Abstract
This paper explains the importance of using Intel® Performance Libraries to solve a machine-learning problem such as credit risk classification. The objective of solving a credit risk classification problem is to minimize loss from the bank’s perspective; for example, when a person applies for a loan, the bank has to make a decision regarding whom to give approval for the loan and whom not to. The case study uses Intel® Distribution for Python* and Python API for Intel® Data Analytics Acceleration Library (Intel® DAAL)—named PyDAAL—to boost machine-learning and data analytics performance. Using the advantage of optimized scikit-learn* (Scikit-learn with Intel DAAL) that comes with Intel® Distribution for Python, we were able to achieve good results for the prediction problem.
Introduction
Credit risk is one of the major financial risks that exists in the banking system. How a bank manages its credit risk is very critical for its performance over time; capital depletion through loan losses has been the proximate reason for most organization failures. Distinguishing and rating credit risk is the primary step in managing it effectively. The applicant is a good credit risk if the user is likely to repay the loan. Conversely, if the user is not likely to repay the loan, the applicant is considered as a bad credit risk. The bank has to analyze applicant’s demographic and socio-economic profiles before a decision is made regarding his and her loan application.

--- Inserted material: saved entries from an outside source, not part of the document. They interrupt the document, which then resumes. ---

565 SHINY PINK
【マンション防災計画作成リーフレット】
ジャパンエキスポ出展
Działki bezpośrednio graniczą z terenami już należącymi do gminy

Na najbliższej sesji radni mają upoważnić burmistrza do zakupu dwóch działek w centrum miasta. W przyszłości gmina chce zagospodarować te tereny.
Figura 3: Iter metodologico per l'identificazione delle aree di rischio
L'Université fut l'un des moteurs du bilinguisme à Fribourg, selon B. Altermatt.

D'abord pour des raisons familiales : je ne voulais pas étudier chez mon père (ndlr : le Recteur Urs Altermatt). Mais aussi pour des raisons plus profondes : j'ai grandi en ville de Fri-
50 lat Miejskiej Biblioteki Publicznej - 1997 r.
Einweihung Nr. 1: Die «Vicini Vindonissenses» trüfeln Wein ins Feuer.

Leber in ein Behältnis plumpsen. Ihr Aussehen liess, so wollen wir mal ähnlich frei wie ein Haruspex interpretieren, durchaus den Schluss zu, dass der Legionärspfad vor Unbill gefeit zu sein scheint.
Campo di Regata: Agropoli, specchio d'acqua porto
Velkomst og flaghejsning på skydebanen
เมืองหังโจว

With the help of Intel optimized computational packages and an Intel® Xeon® Gold 6128 processor, a faster predictive model is developed on this data. The machine-learning model helps to guide the bank manager to make a decision whether to approve a loan to a prospective applicant based on his and her profiles.
Hardware Details
The hardware configuration of Intel® Xeon® Gold 6128 processor is shown in table 1.

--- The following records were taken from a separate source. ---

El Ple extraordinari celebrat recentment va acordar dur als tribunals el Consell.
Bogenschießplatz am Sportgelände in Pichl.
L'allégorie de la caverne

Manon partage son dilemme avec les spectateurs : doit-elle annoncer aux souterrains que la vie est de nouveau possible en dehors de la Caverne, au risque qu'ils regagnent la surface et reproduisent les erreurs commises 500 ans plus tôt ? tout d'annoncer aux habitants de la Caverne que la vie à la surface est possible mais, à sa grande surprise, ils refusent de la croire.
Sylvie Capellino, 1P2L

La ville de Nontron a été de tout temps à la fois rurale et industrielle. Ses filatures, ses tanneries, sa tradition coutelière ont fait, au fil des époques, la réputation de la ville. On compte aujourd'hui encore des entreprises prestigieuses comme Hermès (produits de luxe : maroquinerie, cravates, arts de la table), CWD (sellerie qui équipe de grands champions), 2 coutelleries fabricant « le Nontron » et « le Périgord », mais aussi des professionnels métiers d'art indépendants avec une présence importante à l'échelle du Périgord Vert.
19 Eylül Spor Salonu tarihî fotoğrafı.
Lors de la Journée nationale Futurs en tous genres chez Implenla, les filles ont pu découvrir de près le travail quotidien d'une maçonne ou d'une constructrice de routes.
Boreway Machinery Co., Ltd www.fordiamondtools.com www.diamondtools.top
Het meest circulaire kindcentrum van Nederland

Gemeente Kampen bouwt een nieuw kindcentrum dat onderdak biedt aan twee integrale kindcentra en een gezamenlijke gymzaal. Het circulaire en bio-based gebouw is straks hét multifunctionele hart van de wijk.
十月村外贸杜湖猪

Table 1. Hardware Configuration.
Name | Description |
---|---|
Intel® Xeon® Gold processor based architecture | x86_64 |
CPU op-mode(s) | 32-bit, 64-bit |
Byte order | Little Endian |
CPU(s) | 24 |
On-line CPU(s) list | 0-23 |
Thread(s) per core | 2 |
Core(s) per socket | 6 |
Socket(s) | 2 |
NUMA node(s) | 2 |
Vendor ID | Genuine Intel |
CPU family | 6 |
Model | 85 |
Model name | Intel® Xeon® Gold 6128 processor 3.40 GHz |
Stepping | 4 |
CPU MHz | 1199.960 |
BogoMIPS | 6800.00 |
Virtualization type | VT-x |
L1d cache | 32K |
L1i cache | 32K |
L2 cache | 1024K |
L3 cache | 19712K |
NUMA node0 CPU(s) | 0-5,12-17 |
NUMA node1 CPU(s) | 6-11,18-23 |
Software Configuration
The development of this use case had the following dependencies (table 2).
Table 2. Software Configuration.
Library | Version |
---|---|
Anaconda* with Intel channel | 4.3.21 |
Intel® optimized for Python* | 3.6.3 |
Optimized scikit-learn* | 0.19.0 |
Intel® optimized for NumPy | 1.13.3 |
Dataset Description
The original dataset contains 1,000 entries with 20 categorical and symbolic attributes. Each entry represents a person who applies for a credit loan with a bank. Each person is classified as good or bad credit risks according to the set of attributes. Table 3 shows the set of attributes in the dataset.

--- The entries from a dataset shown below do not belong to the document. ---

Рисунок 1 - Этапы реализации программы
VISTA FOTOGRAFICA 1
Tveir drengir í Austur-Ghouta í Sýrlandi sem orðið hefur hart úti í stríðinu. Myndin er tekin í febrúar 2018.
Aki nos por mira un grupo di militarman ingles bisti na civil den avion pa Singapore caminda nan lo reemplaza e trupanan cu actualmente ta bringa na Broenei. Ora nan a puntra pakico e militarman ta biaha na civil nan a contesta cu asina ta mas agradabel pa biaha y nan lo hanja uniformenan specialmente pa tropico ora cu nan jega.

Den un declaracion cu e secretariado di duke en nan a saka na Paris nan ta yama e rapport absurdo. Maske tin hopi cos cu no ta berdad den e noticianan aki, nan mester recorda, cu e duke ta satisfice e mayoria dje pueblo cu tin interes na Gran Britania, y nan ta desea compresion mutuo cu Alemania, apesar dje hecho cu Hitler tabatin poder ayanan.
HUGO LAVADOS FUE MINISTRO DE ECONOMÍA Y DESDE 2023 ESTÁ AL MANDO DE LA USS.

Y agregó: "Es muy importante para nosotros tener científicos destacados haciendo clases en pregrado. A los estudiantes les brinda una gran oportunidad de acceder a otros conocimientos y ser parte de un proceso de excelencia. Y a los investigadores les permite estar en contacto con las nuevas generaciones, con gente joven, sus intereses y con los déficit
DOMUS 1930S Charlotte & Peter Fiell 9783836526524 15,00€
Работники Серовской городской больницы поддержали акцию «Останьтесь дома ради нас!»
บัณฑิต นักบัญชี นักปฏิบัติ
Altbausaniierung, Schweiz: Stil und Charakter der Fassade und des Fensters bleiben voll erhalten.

Table 3. Dataset Description.
Attribute Name | Attribute Description |
---|---|
checking_status | Status of existing checking account, in Deutsche Marks (DM) |
duration | Duration in months |
credit_history | Credit history (credits taken, paid back duly, delays, critical accounts) |
purpose | Purpose of the credit (car, television, etc.) |
credit_amount | Credit loan amount, in Deutsche Marks (DM) |
savings_status | Status of savings account and bonds, in Deutsche Marks |
employment | Present employment, in number of years |
installment_commitment | Installment rate in percentage of disposable income |
personal_status | Personal status (married, single, etc.) and sex |
other_parties | Other debtors and guarantors |
residence_since | Present residence since X years |
property_magnitude | Property (e.g., real estate) |
age | Age in years |
other_payment_plans | Other installment plans (banks, stores, etc.) |
housing | Housing (rent, own) |
existing_credits | Number of existing credits at this bank |
job | Job |
num_dependents | Number of people being liable to provide maintenance for |
own_telephone | Telephone (yes and no) |
foreign_worker | Foreign worker (yes and no) |
class | Good credit or bad credit |
Intel® Distribution for Python*, Optimized scikit-learn*, and PyDAAL module
Machine learning and data analysis using Python get their power with Intel® Distribution for Python1. Intel® Distribution for Python is equipped with Intel optimized computational packages2 like NumPy, SciPY, scikit-learn* and PyDAAL (a free package which implements Python bindings to the Intel® Data Analytics Acceleration Library, or Intel® DAAL)3.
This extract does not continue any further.